Coq proving nonsensical inductive property implication?

0
votes

In IndProp.v from Logical Foundations we have the following inductive property:

Inductive nostutter {X:Type} : list X -> Prop :=
  | nos_nil : nostutter []
  | nos_one : forall x, nostutter [x]
  | nos_cons : forall x h l, nostutter (h :: l) -> (x <> h) -> (nostutter (x :: h :: l)).

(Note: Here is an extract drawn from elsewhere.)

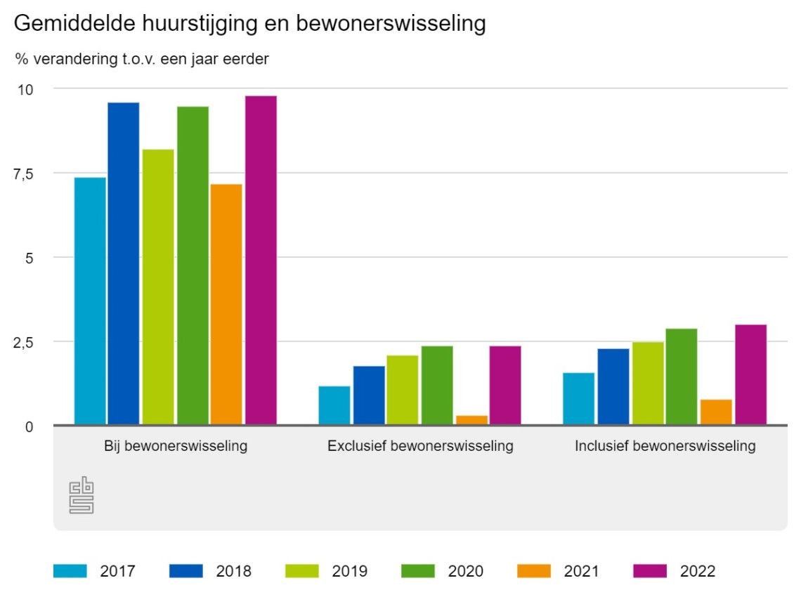 Op het moment dat een huurwoning een nieuwe huurder krijgt, is de verhuurder niet gebonden aan de vastgestelde maximale huurverhoging per jaar. Huurwoningen die tussen 1 juli 2021 en 1 juli 2022 van bewoner wisselden hadden in juli 2022 een huurprijs die gemiddeld 9,8% hoger lag dan op 1 juli 2021. Vorig jaar was deze stijging nog 7,2%. Indien geen rekening gehouden wordt met bewonerswisselingen, zijn de huren met gemiddeld 2,4 % gestegen.

Is it possible to solve this:

1 subgoal
X : Type
x : X
H : nostutter [] -> nostutter [x]
______________________________________(1/1)
False

Presumably one would need some sort of discriminate or contradiction since nostutter [] -> nostutter [x] seems like it makes no sense, but I don't see anything that would allow me to make progress. Is it just not possible to prove?

1
coqcoq-tacticlogical-foundations

1 Answers

3
votes

I think there is some confusion about the meaning of the implication. nostutter [] -> nostutter [x] is a perfectly reasonable hypothesis -- indeed, it is a theorem:

Require Import Coq.Lists.List.
Import ListNotations.

Inductive nostutter {X:Type} : list X -> Prop :=
  | nos_nil : nostutter []
  | nos_one : forall x, nostutter [x]
  | nos_cons : forall x h l, nostutter (h :: l) -> (x <> h) -> (nostutter (x :: h :: l)).

Lemma not_goal {X} (x : X) : @nostutter X [] -> nostutter [x].
Proof. intros _; apply nos_one. Qed.

An implication A -> B says that we can prove B by proving that A is true. If we can prove B without additional hypotheses, as it is the case for nostutter [x], then the implication holds trivially.